> [Aim of the task]: Which of the lines below include the word "home"? Pull each one out.

> [Records]:

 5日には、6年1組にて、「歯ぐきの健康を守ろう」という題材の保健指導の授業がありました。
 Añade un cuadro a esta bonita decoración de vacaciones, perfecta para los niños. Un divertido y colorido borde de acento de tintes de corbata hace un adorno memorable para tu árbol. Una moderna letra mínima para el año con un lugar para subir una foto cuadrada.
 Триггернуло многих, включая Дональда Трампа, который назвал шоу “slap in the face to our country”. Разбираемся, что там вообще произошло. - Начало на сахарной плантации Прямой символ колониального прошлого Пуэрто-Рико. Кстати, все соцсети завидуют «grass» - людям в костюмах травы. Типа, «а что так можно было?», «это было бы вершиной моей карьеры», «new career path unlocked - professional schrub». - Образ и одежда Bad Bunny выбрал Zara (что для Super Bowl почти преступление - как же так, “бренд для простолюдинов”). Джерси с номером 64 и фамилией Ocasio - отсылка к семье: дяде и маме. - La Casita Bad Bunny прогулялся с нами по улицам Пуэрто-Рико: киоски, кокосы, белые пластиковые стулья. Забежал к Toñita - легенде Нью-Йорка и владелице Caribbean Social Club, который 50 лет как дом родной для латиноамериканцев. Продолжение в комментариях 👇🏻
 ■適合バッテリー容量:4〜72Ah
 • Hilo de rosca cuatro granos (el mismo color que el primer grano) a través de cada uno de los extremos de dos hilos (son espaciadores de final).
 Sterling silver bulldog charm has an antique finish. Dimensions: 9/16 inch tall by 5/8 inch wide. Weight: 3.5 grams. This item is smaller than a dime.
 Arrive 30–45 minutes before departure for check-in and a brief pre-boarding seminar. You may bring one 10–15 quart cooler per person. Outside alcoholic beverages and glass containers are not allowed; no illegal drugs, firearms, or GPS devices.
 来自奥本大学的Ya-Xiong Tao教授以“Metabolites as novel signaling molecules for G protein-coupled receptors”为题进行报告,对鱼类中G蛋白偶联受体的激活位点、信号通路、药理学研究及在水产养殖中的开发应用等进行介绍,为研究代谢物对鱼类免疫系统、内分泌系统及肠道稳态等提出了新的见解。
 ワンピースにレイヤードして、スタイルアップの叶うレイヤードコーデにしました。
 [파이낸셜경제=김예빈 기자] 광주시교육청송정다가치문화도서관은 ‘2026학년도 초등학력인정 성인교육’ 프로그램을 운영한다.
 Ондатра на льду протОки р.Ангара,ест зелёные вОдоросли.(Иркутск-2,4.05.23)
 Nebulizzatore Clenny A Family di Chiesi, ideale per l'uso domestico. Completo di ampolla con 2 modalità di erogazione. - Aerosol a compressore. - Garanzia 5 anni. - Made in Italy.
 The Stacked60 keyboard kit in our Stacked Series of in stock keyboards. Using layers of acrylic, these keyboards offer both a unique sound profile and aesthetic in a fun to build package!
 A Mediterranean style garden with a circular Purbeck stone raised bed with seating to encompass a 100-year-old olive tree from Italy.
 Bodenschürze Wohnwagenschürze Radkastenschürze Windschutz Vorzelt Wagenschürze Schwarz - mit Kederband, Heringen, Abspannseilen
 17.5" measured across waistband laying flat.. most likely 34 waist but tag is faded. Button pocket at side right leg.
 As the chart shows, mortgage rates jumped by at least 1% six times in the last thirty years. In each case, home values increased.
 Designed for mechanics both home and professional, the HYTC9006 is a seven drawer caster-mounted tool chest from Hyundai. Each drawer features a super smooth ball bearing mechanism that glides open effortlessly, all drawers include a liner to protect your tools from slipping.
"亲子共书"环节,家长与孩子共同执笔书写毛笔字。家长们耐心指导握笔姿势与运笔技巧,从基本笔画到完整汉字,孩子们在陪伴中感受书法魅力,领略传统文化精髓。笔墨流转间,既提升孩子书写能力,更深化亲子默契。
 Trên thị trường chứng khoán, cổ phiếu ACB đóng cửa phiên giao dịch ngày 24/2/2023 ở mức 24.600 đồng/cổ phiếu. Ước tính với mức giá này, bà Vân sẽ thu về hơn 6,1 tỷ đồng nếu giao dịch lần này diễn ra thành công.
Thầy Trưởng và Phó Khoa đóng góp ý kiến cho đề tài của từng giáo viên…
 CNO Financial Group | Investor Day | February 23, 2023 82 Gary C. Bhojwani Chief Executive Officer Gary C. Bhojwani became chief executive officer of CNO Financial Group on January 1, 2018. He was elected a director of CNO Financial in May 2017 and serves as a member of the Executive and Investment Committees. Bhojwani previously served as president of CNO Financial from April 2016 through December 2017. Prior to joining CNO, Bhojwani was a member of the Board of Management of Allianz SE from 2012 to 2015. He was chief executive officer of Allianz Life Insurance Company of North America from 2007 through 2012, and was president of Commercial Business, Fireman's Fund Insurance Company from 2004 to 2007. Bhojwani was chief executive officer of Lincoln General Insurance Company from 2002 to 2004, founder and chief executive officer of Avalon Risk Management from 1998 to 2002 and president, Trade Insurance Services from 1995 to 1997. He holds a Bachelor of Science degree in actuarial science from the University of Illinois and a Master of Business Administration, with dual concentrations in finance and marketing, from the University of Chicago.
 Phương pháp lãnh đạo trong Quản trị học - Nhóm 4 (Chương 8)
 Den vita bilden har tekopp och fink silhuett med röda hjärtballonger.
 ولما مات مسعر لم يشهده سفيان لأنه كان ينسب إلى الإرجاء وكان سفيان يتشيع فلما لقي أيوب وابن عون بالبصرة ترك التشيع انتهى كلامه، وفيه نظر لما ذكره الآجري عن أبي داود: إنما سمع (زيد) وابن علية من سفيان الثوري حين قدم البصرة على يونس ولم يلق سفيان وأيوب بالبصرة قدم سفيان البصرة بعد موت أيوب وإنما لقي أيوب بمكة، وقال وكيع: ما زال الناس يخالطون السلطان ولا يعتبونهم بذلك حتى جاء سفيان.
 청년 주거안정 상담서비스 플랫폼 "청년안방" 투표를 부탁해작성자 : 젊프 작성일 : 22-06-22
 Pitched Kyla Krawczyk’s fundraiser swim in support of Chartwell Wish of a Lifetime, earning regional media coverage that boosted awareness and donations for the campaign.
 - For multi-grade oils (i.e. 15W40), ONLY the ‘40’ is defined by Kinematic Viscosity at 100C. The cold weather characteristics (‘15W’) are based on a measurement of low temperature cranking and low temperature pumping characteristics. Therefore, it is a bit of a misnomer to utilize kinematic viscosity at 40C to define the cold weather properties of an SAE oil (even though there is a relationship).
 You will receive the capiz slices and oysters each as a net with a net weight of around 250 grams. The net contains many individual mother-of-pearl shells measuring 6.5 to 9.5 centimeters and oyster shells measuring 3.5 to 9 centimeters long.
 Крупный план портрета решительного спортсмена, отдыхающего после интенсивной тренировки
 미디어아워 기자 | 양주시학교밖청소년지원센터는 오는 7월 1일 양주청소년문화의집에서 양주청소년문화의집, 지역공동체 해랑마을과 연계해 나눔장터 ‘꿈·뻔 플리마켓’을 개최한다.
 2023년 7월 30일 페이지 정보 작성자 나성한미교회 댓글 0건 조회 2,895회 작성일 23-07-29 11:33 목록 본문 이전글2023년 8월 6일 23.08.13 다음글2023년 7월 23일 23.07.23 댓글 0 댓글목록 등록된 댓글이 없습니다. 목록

> [Written solution]:
 As the chart shows, mortgage rates jumped by at least 1% six times in the last thirty years. In each case, home values increased.
 Designed for mechanics both home and professional, the HYTC9006 is a seven drawer caster-mounted tool chest from Hyundai. Each drawer features a super smooth ball bearing mechanism that glides open effortlessly, all drawers include a liner to protect your tools from slipping.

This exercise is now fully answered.